A co-worker of mine was driving several of us to a business dinner in Dublin when the subject of religion in Ireland came up. This younger gentleman left me with this thought, “Oh churches here are dying out. They are attended mostly by the elderly. The younger generation has no need of it.”
As the months passed by, I have looked for evidence either in support or against his assertion. Here are some of my observations.
The parish I attend most often, which I would call a medium size parish, had over 160 baptisms in 2012. Occasionally, young couples are called to the front of the congregation to present their babies for the initial blessing that precedes the Baptismal ceremony. This shows a vibrant community. However, I will admit most of the congregation appears to be the over 40 crowd.
A neighbouring parish has Saturday morning reconciliation for a full 30 minutes. There is a brisk pace of people over 70 who make good use of that confessional. Apparently, nobody under 50 has need of reconciliation.
I was walking outside the Main Post office in Dublin (the one that was the site of the Easter Uprising that led to independence for the Irish people). I saw a significant table set up to introduce people to Islam. The gentlemen were there to answer questions. Brochures were available for the taking. I saw no evidence of Christian evangelization.
Parish buildings have been converted for secular uses. One is now a very popular restaurant. Another has become the site of the Dublin Tourism Centre.
Clearly, Ireland identifies itself as predominantly Catholic. No one can deny that. But as in the US, the public discourse does not support this. There is a general silencing of conversation about faith. The US is more advanced in this technique but the Irish tend towards all things American. They will likely progress quickly to this diabolical secularism which strives to eliminate religion. They just need to suppress that pesky religious education.

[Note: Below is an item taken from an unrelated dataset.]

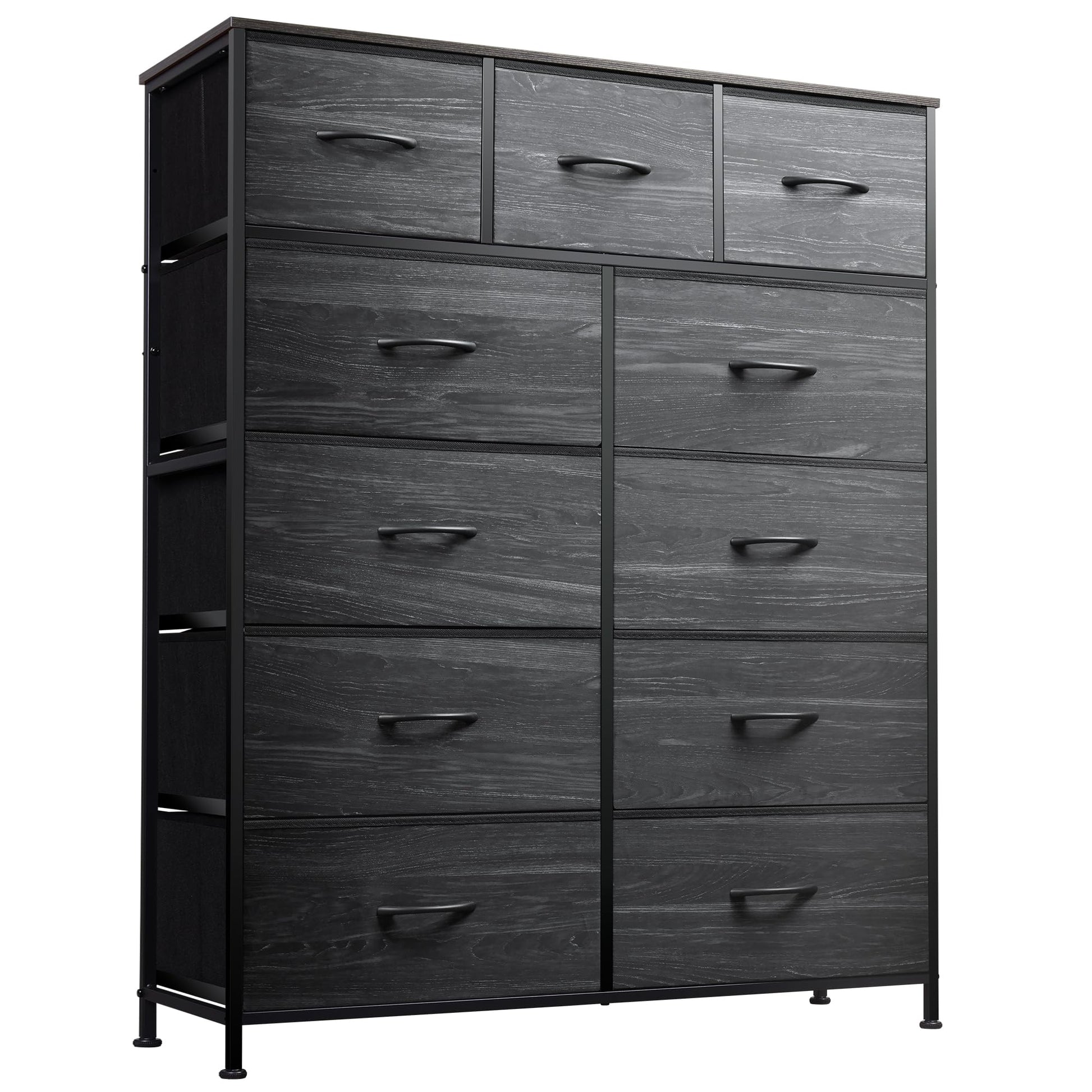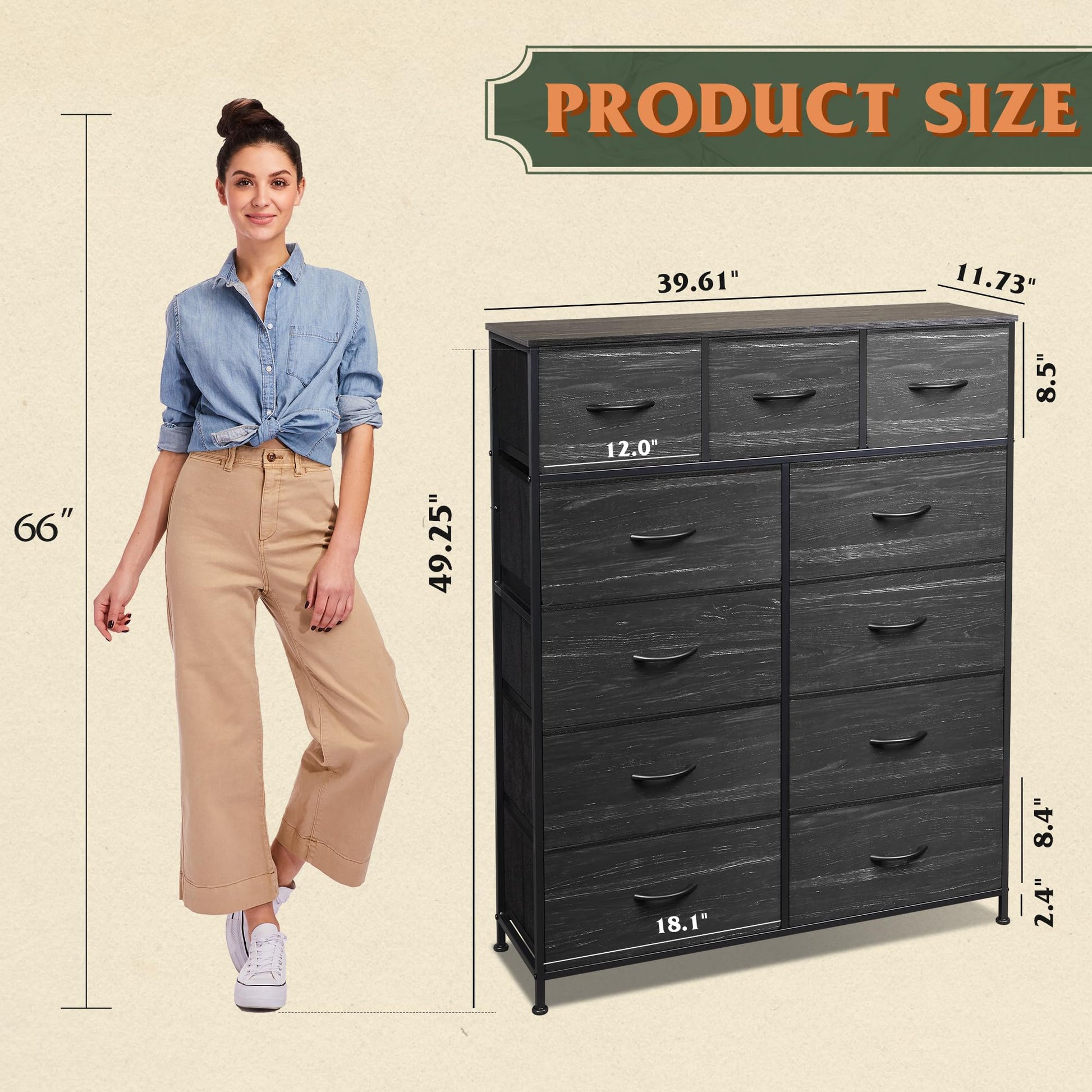 WLIVE Storage Organizer Unit with 11 Fabric Bins, Storage Drawers Organizer with Steel Frame, Tall Storage Tower Organizaton for Living Room, Hallway, Office, Charcoal Black Wood Grain Print

But that is happening as well. The country’s education minister is pushing for an end to religious education in all schools.
Caution though! We should not fear the challenges we face lest we fall into what Pope Francis refers to in The Joy of the Gospel when he says “A tomb psychology [which] develops and slowly transforms Christians into mummies in a museum. Disillusioned with reality, with the Church and with themselves, they experience a constant temptation to cling to a faint melancholy, lacking in hope, which seizes the heart like “the most precious of the devil’s potions”.” He sees the impact on our evangelization efforts and pushes us to remember the following, “Let us not allow ourselves to be robbed of the joy of evangelization!”

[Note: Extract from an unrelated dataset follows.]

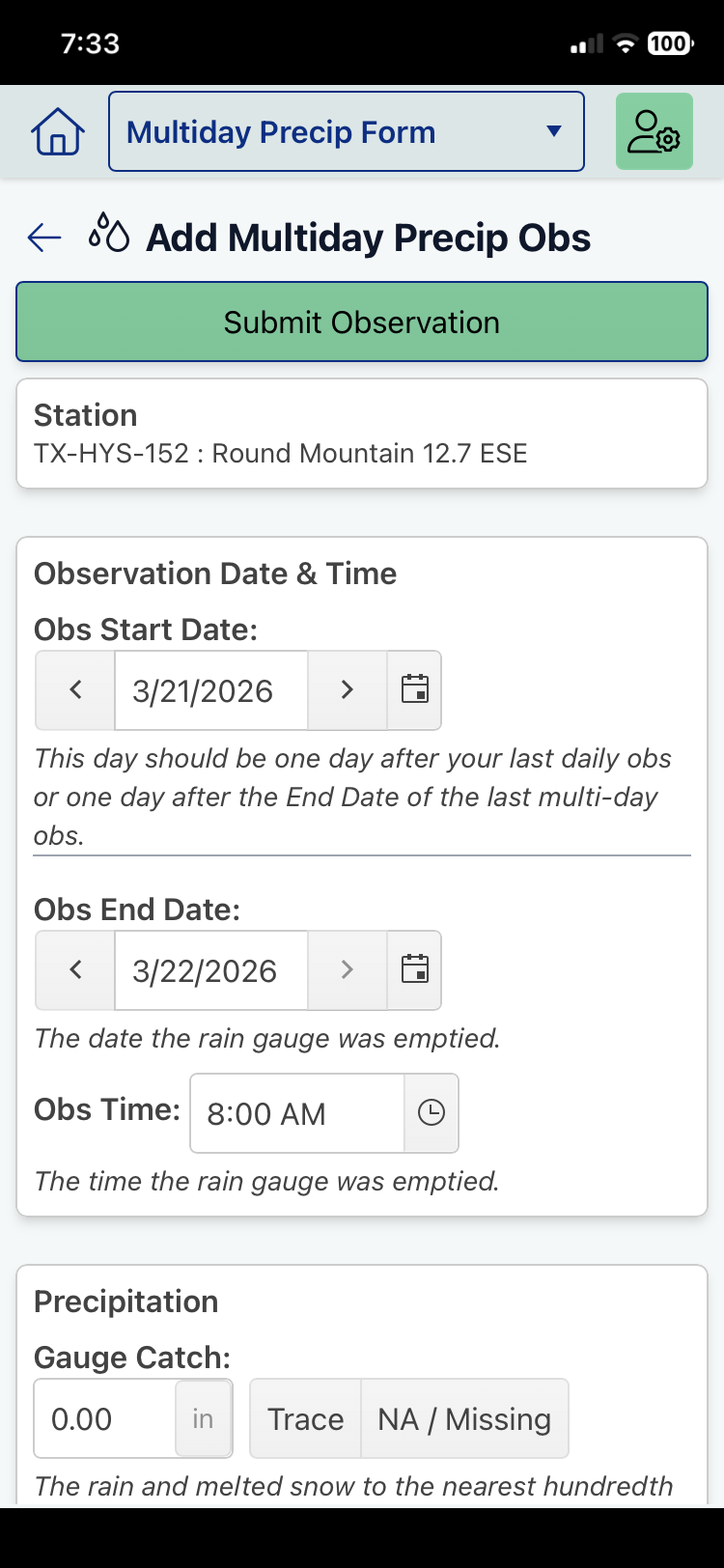 4 - If you are unable to record obs for several days in a row, you will use the Multiday Precip Obs screen shown here.

You see, evangelization is a joy. We may face new challenges not seen before which seem daunting. Using the gift of intellect, our challenge becomes determining how best to tackle the evangelization problems of our time.
Think this is a big challenge? Recall the challenge the Apostles were given? “Go therefore and teach and make disciples of all nations, baptizing them in the name of the Father, and of the Son, and of the Holy Spirit, teaching them to observe all that I have commanded you.”
When you begin to feel our challenge is big, look at what they accomplished! Now go forth.